I'm wondering why no one really reads the infamous justification passage in James in consequence, or possibly with the consequences of the passage directly behind it? In 2:1-13, specifically verses eight through thirteen, James gives us one of the most brilliant expositions of the nature of God's Law. First, and this is what the modern quasi-Pelagians love to fixate on, the Law of God is in effect for the Christian community. It is the royal law of liberty whose summative and binding principle is the flawless love of ones neighbor (2:8). Those who do not keep this principle in the Christian community are evildoers (2:9). But the very next statement is of particular interest for us here: For whoever keeps the whole law and yet stumbles at just one point is guilty of breaking all of it (2:10). Did you hear that? Stumbling at just one point does not mean for James (and in this case God) stumbling at just one point.....the nature of the law and its concrete demand is that one mere, trifling stumble means the whole of it is broken. The whole of it. Or in the words of James,' For he who said "Do not commit adultery" also said," Do not murder." If you do not commit adultery but do commit murder, you have become a lawbreaker.' Hear that? It is a strong either/or. It is God's All or Nothing. Insomuch as you stumble at any point of the Liberating Law which is certainly in effect and binding on all Christians, you have become a worthless lawbreaker in the eyes of God. He will not praise you because on Tuesday you had emotion A which prompted you to perform charity B to homeless person C. Why not? Because the day before you slandered, and the day before that you failed to obey your parents in every matter, and the day before that you failed to make the most of every opportunity afforded to you by the gracious God. These other points of stumbling have rendered your service of charity on Tuesday entirely worthless before God (guilty of breaking all of it).
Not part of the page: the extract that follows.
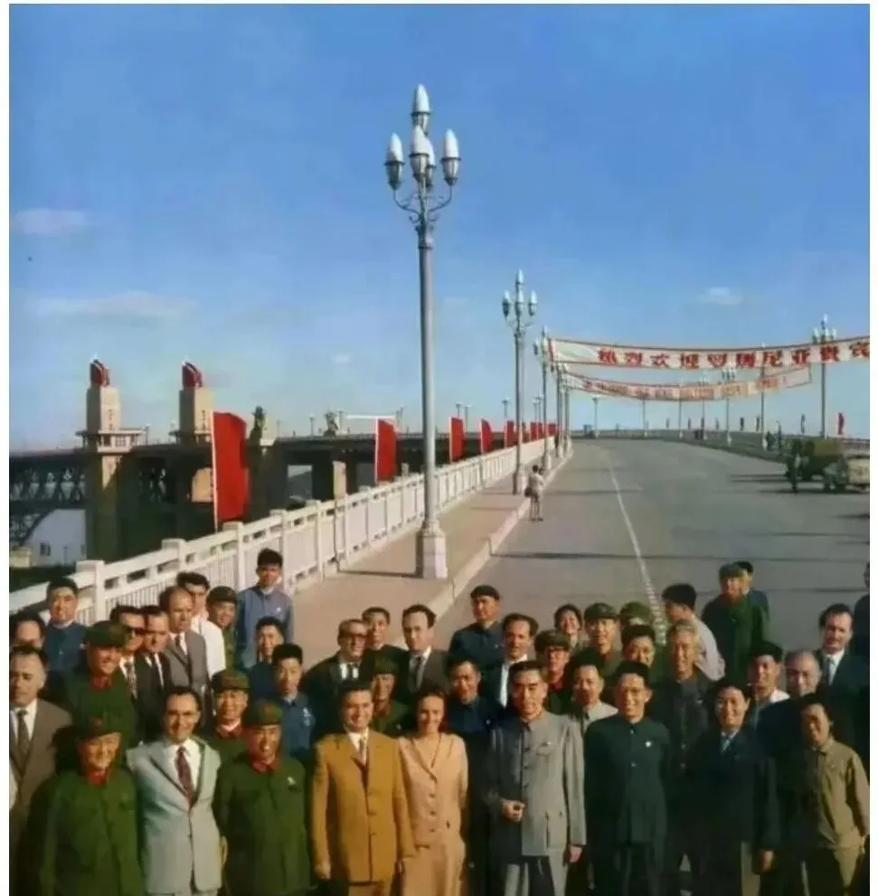 这个桥上的大场面叫参观留影,横幅在风里拱起来,路灯一溜排开,队伍站成密密一片,老照片里的人喜欢端正地看镜头,脚下是新修的水泥路,身后轧轧驶过的大车还冒着白气,那时候拍一张不容易,人人都把最体面的衣服穿上,站稳了才按快门。

Taking these words seriously, read through the passage on justification. Do you honestly believe that James is now suddenly reversing all of his thoughts, contradicting everything he just said? Do you now believe God has changed his mind and said," Hmf, I know I just said that I would judge the Christian's actions and speech based on my Law, and I know that I expressly declared that if he stumbles at any point of my commandments I will hold him as being a complete lawbreaker.....but man, that one deed he did really completes his faith. It really pleases me. I'm going to call this fella righteous by what he has done (cf. Jas 2:24)." No!
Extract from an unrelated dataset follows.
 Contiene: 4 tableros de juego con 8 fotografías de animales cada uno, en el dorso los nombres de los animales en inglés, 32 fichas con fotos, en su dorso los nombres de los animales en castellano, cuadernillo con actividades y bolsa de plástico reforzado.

If our actions receive judgment from God's law, they are always lawless. We do not have any righteous deeds to complete our faith because all of them are worthless on account of our other stumblings. We have broken the whole law on account of a few trifles. James affirms this by saying in the following passage: "We all stumble in many ways." I take this to mean that for James, we..the Christians, are concrete law-breakers, TOTAL lawbreakers, and that none of our deeds nor our faith (2:19), which is really a satanic faith since it produces no act of law-fulfillment, can justify us. We cannot be justified by our deeds nor our faith. And the horrific thing is that we must be justified by our deeds and by our faith. WE MUST.

I think that what James is doing here (with 2:1-13 ever before us) is presenting the true condition of the Christian: As one who simultaneously MUST complete the whole of God's law (faith, speech and action) WITHOUT a single spot of sin, and CANNOT render the faith, speech and action that would ONLY EVER justify him.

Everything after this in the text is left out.